Pädagogen
Unsere externen Pädagogen für Kinder und Jugendliche an der Wilhelm-Fredemann- Oberschule
Anne Ackermann
Ben Albrecht
Seit dem Schuljahr 2024/25 bin ich ich für den LSR in den Fächern Mathe und Deutsch tätig. Hier arbeite ich mit den Schüler: innen der WFO Melle-Neunkirchen daran ihre Schwächen in den einzelnen Fächern aufzuarbeiten und Lernrückstände aufzuholen.
Zum LSR bin ich im Zuge meines Freiwilligendienstes gekommen, den ich im Schuljahr 2023/24 an der WFO geleistet habe.
Mittlerweile studiere ich Germanistik und Geschichte auf Lehramt an der Universität Bielefeld.

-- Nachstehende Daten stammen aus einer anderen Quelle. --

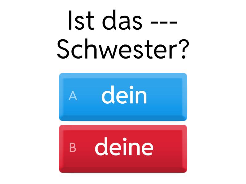 1) Ist das --- Schwester? a) dein b) deine 2) Das sind --- Freunde Jonas und Paul. a) mein b) meine 3) --- Bruder ist okay. a) Mein b) Meine 4) --- Mutter ist 44 Jahre alt. a) Meine b) Mein 5) Wo ist denn --- Heft? a) dein b) deine 6) Ist das --- Block? a) deine b) dein 7) Nein, das ist nicht --- Block. a) mein b) meine 8) Sind das --- Freunde? a) dein b) deine 9) Wo ist --- Freundin? a) deine b) dein 10) Wo sind --- Geschwister? a) deine b) dein 11) Wie alt ist --- Oma? a) dein b) deine 12) Das ist nicht --- Tasche. a) meine b) mein 13) --- Eltern sind nicht zu Hause. a) Mein b) Meine 14) Wie heisst --- Onkel? a) dein b) deine 15) --- Opa spielt gern Monopoly. a) Meine b) Mein 16) --- Cousine wohnt in Wien. a) Meine b) Mein 17) Wo wohnt --- Cousin? a) dein b) deine 18) --- Tante hat zwei Kinder. a) Mein b) Meine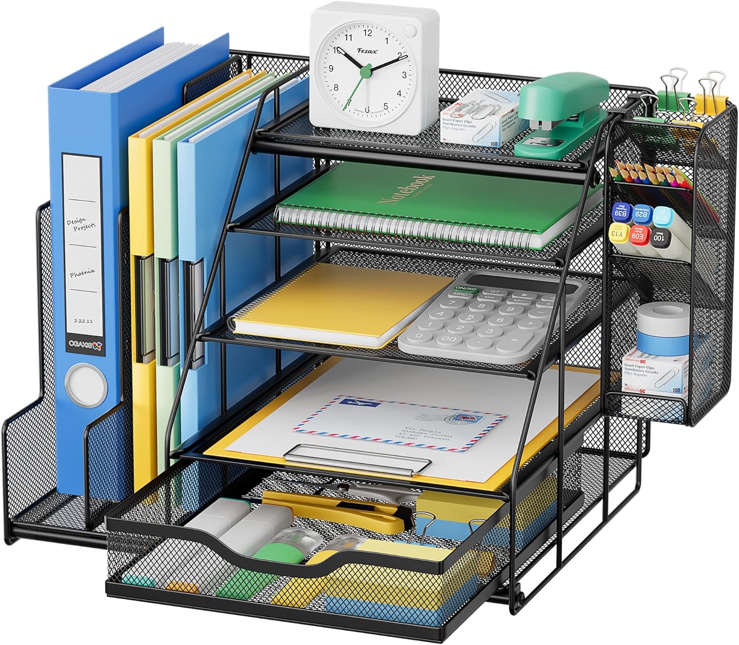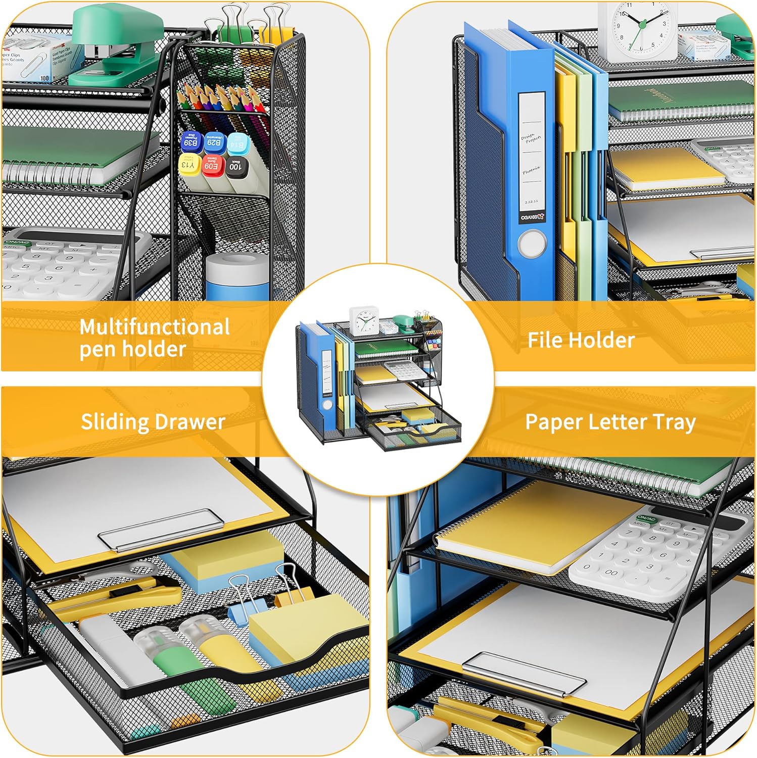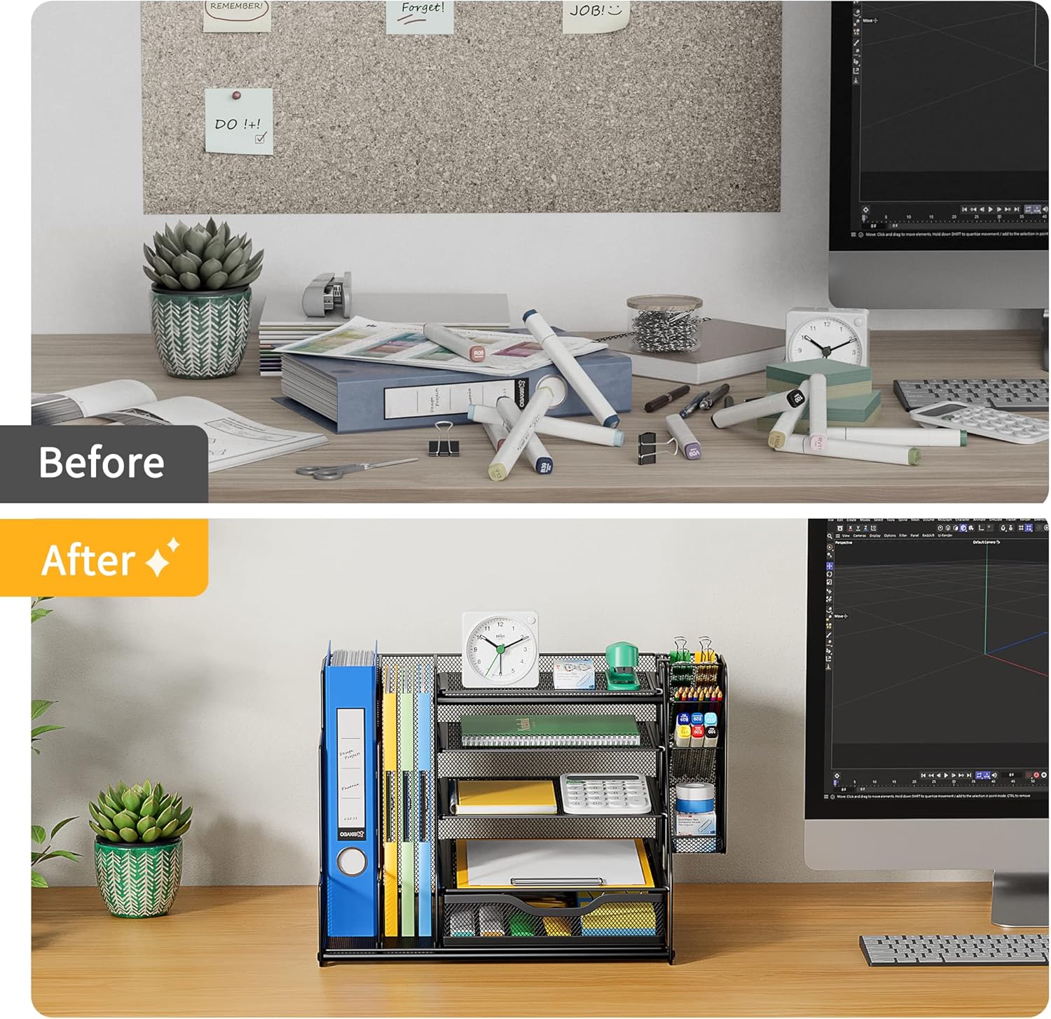 • Five Compartment Organizer: 4 horizontal paper trays and 1 vertical section, the space saving design means you have plenty of room to store all your important files, your desk will be so much more tidy.

Durch den LSR bietet sich mir die Chance neben dem Studium noch praktische Erfahrungen zu sammeln und ich bekomme die Möglichkeit weiterhin Einblicke in mein späteres Berufsleben zu sammeln.
Am LSR überzeugt mich, dass die Schüler: innen die Möglichkeit haben parallel zum Unterricht noch weitere Hilfe in Anspruch zu nehmen und so, im besten Fall, nicht auch noch in ihrer Freizeit zu externen Hilfen zu müssen.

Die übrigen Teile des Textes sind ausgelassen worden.